MINNEAPOLIS — Federal immigration agents fatally shot a 37-year-old man on Saturday, Jan. 24, 2026. Bystanders recorded the incident from several angles and shared the footage widely on social media.

This incident marks the second fatal shooting by federal officers in Minneapolis this month. In early January, a U.S. Immigration and Customs Enforcement (ICE) agent shot and killed a woman. Witnesses filmed that shooting, and those videos also spread quickly online.

Bystander videos often challenge early reports from officials. In these recent cases, the footage contradicted initial accounts provided by federal agents, making it harder for authorities to deny what was recorded.

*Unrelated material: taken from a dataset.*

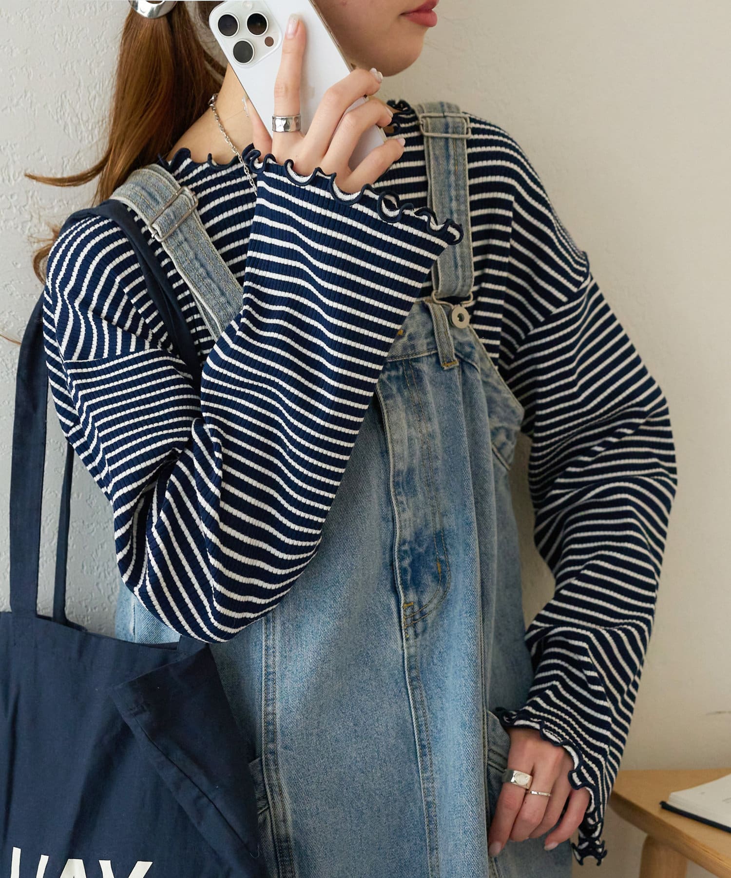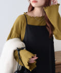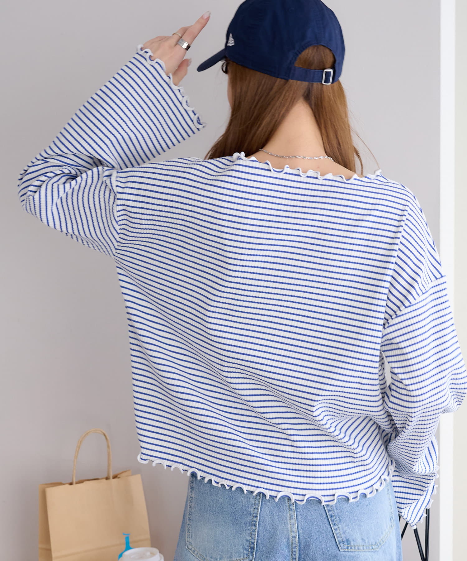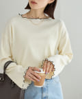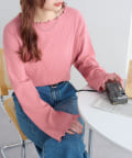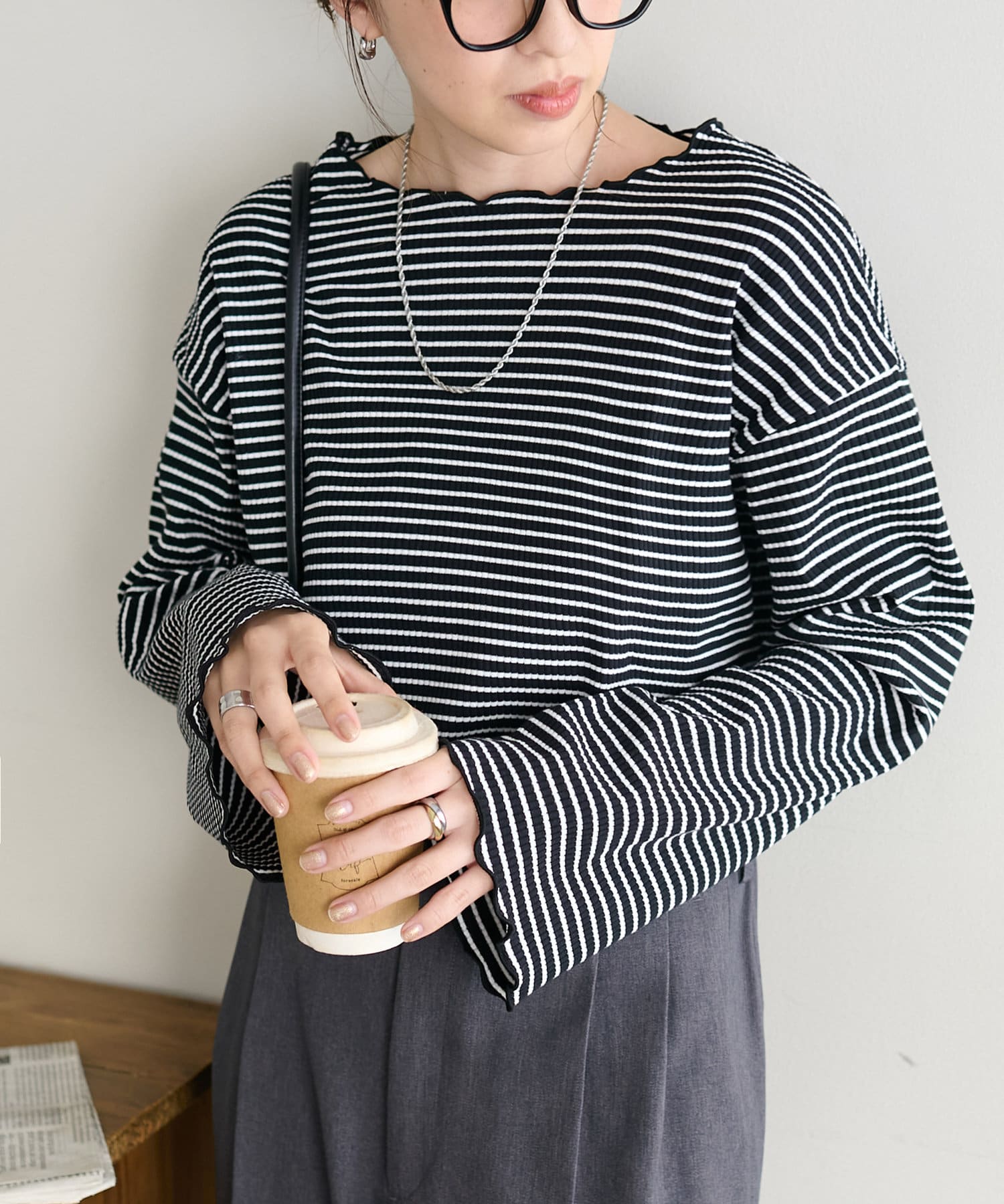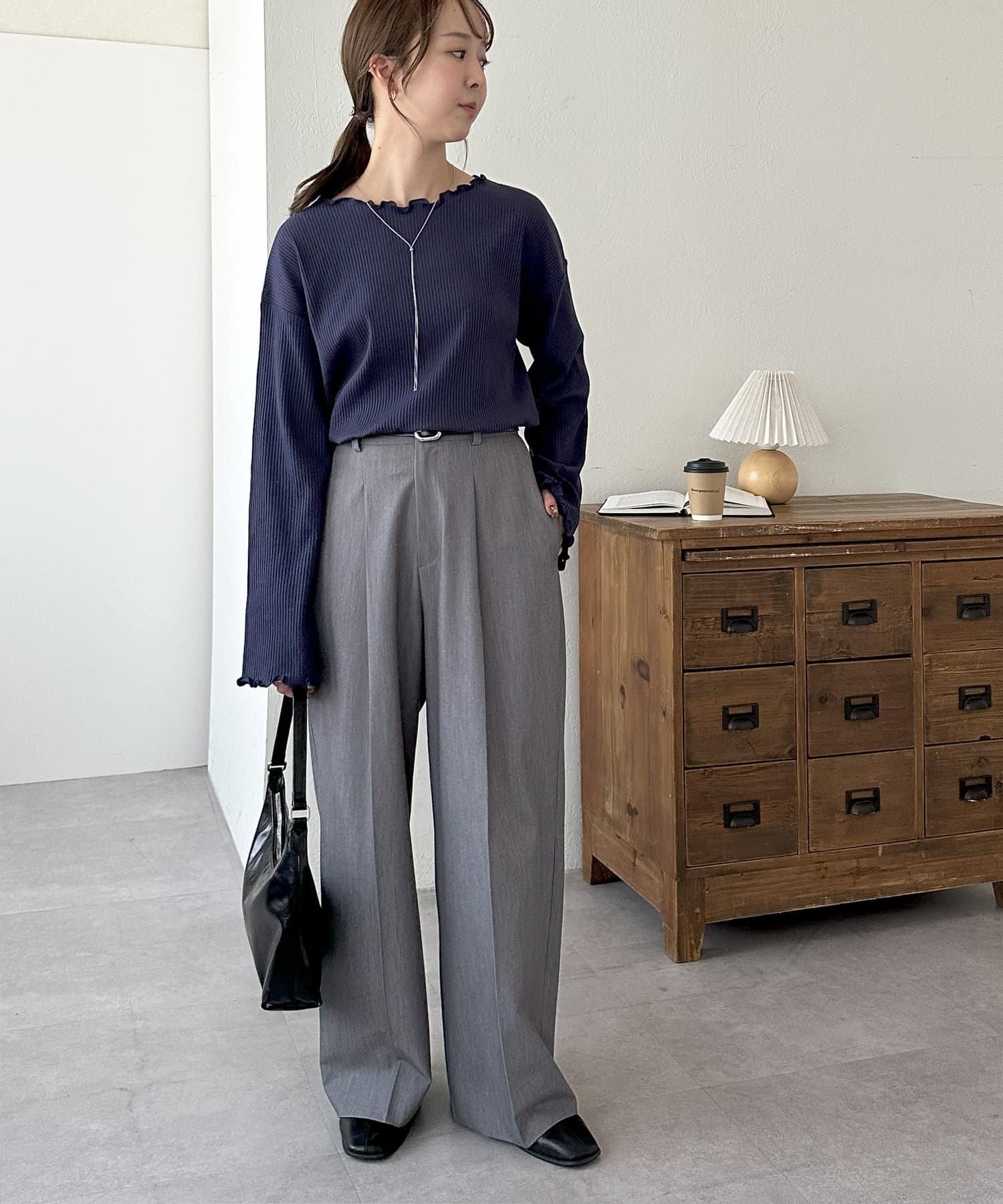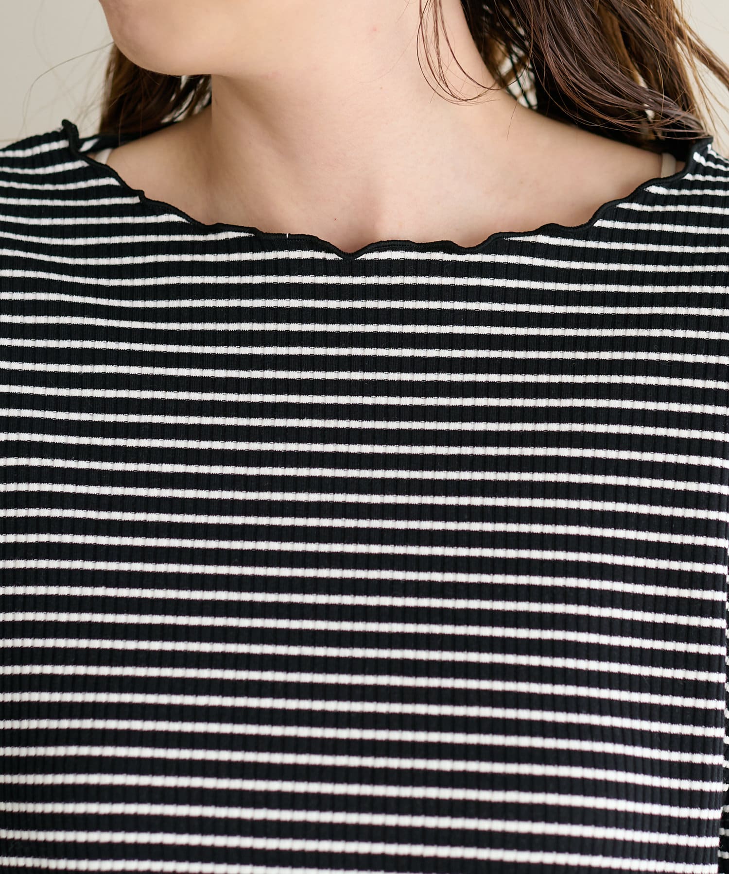 袖口、裾口、首元のメローデザインがポイントのリブトップス。

The reach of these recordings has been massive. According to a YouGov poll, 70% of Americans have seen social media footage of the first fatal shooting involving a federal officer in early January.

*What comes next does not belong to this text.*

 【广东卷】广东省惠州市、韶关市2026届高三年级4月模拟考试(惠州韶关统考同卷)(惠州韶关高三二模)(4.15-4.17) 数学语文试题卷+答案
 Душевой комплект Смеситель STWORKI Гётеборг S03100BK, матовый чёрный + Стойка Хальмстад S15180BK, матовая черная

On Jan. 14, 2026, Minnesota Governor Tim Walz asked residents to film federal immigration agents to document their actions. The governor said these videos would provide valuable evidence for future court cases.

A History of Bystander Recordings

These recent incidents follow a long history of videos changing how the public and the courts see police actions:

  • In 1991, a bystander used a handheld camera to film four LAPD officers beating Rodney King. When the officers were later found not guilty, it led to major riots in 1992.
  • In 2009, witnesses in Oakland used digital cameras and phones to record a transit officer fatally shooting 22-year-old Oscar Grant on a train platform.
  • In 2020, a bystander filmed the murder of George Floyd by Minneapolis officer Derek Chauvin. The footage sparked the global Black Lives Matter movement.

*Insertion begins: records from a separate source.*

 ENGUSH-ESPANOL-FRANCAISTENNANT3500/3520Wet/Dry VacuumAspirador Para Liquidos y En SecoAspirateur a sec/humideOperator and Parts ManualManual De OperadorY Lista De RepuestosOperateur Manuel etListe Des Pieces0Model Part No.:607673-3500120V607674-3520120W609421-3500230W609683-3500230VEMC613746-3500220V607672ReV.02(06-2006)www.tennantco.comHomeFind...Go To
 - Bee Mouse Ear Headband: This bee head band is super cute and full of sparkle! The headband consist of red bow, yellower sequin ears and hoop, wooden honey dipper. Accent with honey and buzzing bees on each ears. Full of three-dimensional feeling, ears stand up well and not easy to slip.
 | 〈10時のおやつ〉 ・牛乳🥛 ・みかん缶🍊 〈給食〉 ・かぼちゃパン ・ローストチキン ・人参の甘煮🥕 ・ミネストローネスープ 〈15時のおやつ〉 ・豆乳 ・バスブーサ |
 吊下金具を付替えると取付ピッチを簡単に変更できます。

New Challenges in Deciding What Is Real

In the past, people often saw video as solid proof. However, Professor Dhavan Shah of the University of Wisconsin-Madison warned that artificial intelligence (AI) can now create "deepfakes." These are videos that look real but are actually fake, making it hard to know what to trust.

Media scholars, including Penn State University Professor Mary Beth Oliver, also noted that people no longer get their news from the same few sources. Instead of everyone watching the same TV news, many people now get different information from their own social media feeds.